In the above YAML file, extract_chunk field defines how bwa stage is distributed. Use the script script/determine_chunks.sh to find out the exact range for distribution:

script/determine_chunks.sh $INPUT_FASTQ.IDX $NUM_PARTS

where INPUT_FASTQ.IDX is the index file generated above with fqidx command, and NUM_PARTS is the number of parts the fastq file will be sliced into. Please note NUM_PARTS defines the number of subjobs the bwa distribution will generate.
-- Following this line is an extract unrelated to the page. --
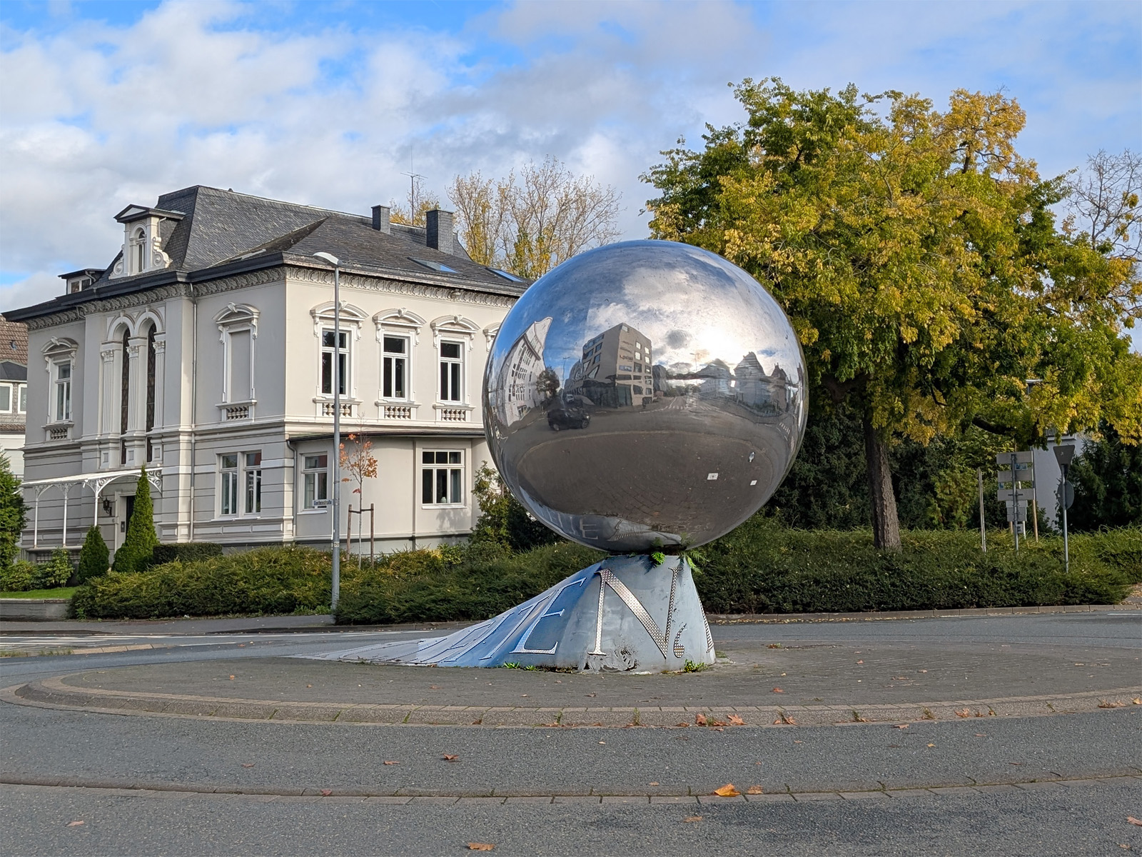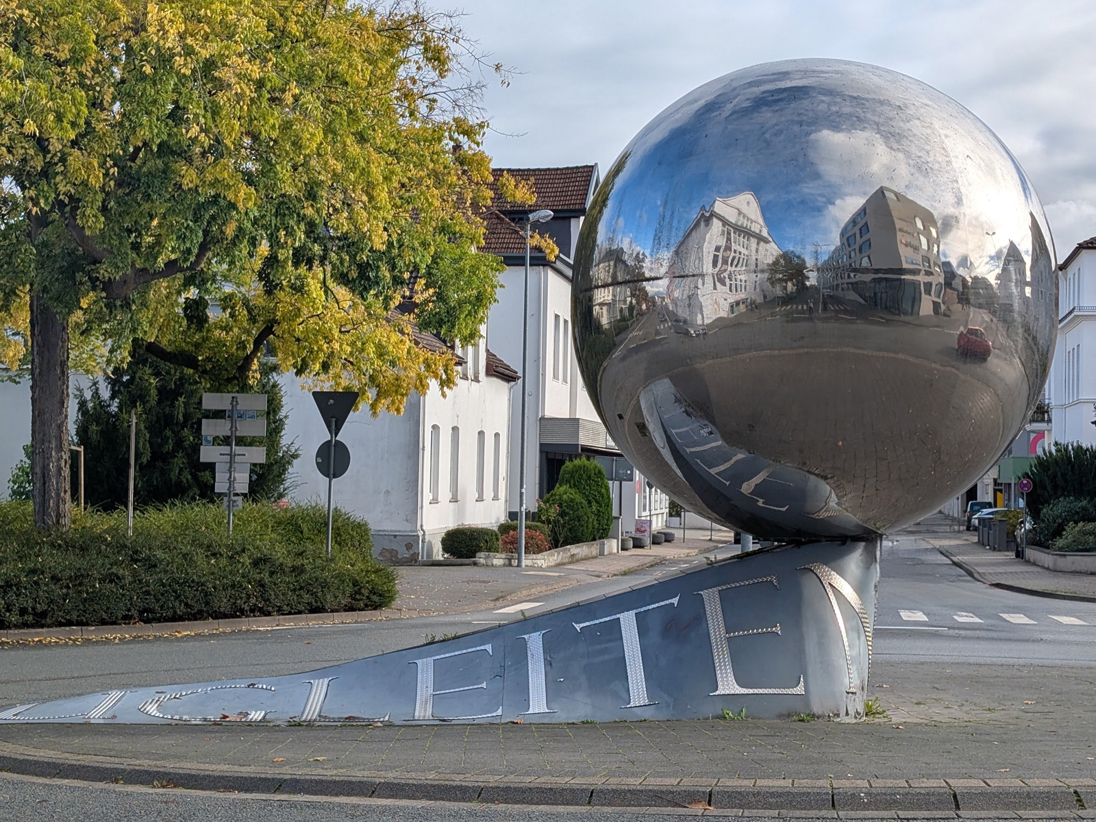 Auf dem Rückweg haben wir uns noch die Skulptur – La Palla (der Ball) – angesehen, die am Anfang der Goebenstraße steht, die zu Marta führt. Von ihr geht ein Textband aus, das auch dort wieder endet. Die Schlaufe ist 135 m – also insgesamt 270 m – lang. Auf ihr zu lesen ist ein Gedicht von Rainer Maria Rilke – auch mit dem Titel “Der Ball”.

The shell script determine_chunks.sh will call sentieon fqidx query as shown above to get the total number chunks from the fastq index file, and then divide it into equal-size chunks. In this case, with 1119 chunks distributed into 3 parts, the above script will give the following output. Enter these chunk ranges into the extract_chunk field of the yaml file.
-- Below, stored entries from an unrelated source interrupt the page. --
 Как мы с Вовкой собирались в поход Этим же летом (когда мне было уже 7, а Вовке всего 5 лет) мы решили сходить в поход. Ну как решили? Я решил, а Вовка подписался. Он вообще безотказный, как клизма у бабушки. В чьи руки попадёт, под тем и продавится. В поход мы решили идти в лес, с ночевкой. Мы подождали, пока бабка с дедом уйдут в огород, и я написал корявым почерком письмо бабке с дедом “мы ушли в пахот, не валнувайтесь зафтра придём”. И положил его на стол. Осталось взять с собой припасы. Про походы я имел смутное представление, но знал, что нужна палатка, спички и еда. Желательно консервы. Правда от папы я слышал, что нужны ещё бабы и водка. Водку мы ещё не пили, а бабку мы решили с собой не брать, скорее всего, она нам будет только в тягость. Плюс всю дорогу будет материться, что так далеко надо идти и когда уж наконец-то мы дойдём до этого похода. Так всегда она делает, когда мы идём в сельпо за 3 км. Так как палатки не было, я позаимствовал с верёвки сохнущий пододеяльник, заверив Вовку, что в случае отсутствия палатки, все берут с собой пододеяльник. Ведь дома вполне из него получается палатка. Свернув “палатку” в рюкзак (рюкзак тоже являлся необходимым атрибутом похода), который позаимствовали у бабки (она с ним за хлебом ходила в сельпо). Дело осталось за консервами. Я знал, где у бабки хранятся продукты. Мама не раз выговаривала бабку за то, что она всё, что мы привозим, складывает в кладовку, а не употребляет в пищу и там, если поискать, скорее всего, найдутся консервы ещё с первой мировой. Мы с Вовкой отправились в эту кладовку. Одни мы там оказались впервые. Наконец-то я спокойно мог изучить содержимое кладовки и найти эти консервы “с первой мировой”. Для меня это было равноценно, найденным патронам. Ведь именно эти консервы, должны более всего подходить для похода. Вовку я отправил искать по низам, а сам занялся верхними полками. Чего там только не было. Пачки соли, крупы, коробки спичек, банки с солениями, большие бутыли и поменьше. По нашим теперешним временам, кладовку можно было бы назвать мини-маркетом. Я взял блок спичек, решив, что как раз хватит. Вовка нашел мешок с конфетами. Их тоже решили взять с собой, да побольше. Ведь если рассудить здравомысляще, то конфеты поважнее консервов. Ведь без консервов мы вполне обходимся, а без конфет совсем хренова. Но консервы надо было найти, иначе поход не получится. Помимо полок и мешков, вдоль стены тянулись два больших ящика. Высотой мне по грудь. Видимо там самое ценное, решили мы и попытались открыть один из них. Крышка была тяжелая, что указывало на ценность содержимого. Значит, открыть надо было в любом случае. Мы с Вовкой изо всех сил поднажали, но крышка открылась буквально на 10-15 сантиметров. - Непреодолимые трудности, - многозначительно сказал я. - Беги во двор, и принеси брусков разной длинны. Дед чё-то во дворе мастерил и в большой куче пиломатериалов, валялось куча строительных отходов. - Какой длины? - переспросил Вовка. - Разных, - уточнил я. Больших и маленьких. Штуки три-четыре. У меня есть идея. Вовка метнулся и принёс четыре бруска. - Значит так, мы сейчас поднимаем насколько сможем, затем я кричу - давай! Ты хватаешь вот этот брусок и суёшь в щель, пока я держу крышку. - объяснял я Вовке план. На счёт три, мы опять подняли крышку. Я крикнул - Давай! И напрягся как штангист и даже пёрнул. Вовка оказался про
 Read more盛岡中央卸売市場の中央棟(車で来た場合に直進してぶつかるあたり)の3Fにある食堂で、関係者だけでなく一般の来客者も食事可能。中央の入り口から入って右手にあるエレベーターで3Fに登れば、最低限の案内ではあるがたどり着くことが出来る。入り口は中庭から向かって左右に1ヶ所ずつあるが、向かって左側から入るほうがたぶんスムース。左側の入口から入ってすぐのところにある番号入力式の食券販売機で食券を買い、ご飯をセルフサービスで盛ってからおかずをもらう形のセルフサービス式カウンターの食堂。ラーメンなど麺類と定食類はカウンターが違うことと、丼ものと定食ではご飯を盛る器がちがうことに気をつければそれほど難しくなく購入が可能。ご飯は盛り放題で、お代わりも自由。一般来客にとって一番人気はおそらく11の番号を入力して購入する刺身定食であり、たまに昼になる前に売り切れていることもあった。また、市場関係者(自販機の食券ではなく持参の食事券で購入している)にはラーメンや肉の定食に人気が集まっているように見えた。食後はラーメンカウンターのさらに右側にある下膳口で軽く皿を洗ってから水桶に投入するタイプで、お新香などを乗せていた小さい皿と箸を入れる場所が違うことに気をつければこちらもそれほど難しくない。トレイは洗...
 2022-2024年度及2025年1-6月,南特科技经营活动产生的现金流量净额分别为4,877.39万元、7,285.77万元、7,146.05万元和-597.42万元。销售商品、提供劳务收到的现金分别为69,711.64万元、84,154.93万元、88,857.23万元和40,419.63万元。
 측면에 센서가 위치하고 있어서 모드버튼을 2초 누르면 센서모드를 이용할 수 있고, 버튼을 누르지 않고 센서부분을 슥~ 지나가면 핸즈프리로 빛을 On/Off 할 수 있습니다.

["0-373","373-746","746-1119]

Then use the script script/determine_shards.sh to calculate the shards from the fai file for shard field in the YAML file. Run the script as shown below:

script/determine_shards.sh hg19.fasta.fai $NUM_PARTS

where you should use the FAI index file for same reference as defined in the YAML file, and NUM_PARTS defines the number of subjobs the CWL distribution will generate.
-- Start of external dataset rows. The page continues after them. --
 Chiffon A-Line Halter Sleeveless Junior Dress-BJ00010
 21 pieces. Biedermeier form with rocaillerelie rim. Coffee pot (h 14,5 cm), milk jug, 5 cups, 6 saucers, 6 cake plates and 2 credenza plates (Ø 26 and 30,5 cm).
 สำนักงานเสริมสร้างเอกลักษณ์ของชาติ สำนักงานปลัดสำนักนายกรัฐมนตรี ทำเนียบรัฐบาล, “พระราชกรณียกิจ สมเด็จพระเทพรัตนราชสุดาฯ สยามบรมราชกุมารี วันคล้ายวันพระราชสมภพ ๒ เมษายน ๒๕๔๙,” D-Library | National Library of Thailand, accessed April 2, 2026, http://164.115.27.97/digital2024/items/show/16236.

With these preparation, user can run the cwltoil pipeline with the yaml input file and get the same result as in the single server.

Specifying the path of input/output data files in YAML for Sentieon pipelines

Sentieon CWL pipelines support specifying the path of input data files either as a string or file. Below is an example:

# Specifying path as a string
reference: /path/to/references/hg19/ucsc.hg19.fasta
# Specifying path as an array of string
realign_known_sites:
  - /path/to/Mills_and_1000G_gold_standard.indels.hg19.sites.vcf.gz
  - /path/to/dbsnp_138.hg19.vcf.gz
# Specifying path as an array of File
input_reads:
  - class: File
    path: NA11932_1000G_Exome_ERR034544_1.fastq.gz
  - class: File
    path: NA11932_1000G_Exome_ERR034544_2.fastq.gz

# Speficying path as File
input_reads_index_file:
  - class: File
    path: NA11932_1000G_Exome_ERR034544.fq.idx

# Only specify the output file name as a string for output data files. Absolute path is not accepted.
output_bam: output.bam

Sentieon recommends the following for best performance and compatibility:

  • When specifying the file path as a string, use only absolute path that can be used on all computing nodes.
  • For input files that will be used repeatedly throughout the pipeline, like reference, known sites, interval files, etc. use string representation so that the files are not copied to local working directory for every stage of the pipeline.
  • When specifying the file path as a file, one can either use absolute or relative path. However, when relative file path is used, the file is assumed to be in the same directory of the YAML file.
  • Put workDir, outDir and jobStore on the same device so that either symbolic link or hard link will be created for stage input/output to reduce file IO operation. Set SENTIEON_TMPDIR environment variable to a local scratch directory for temporary files of each stage and pass it to CWLtoil with --preserve-environment argument.
  • User can only specify the file name for output file. All output files will be saved at outDir, and user cannot dictate where the file is saved by specifying the output file path in the YAML file.

Known issues

As mentioned above, both CWL and Toil are under active and rapid development, and new version may not be always backward compatible. Sentieon is actively improving cwltoil as well as Sentieon pipelines, to make them more efficient and user-friendly.

Currently, we have found the following known issues:

  • In cwltoil, the input/output for each stage must be read from/written to the job store. With large files, this can lead to significant runtime spent on unnecessary file copying between compute nodes.
  • All input VCF files should be in .vcf.gz format with .tbi index files. Uncompressed VCF with .idx index files are not supported at the moment.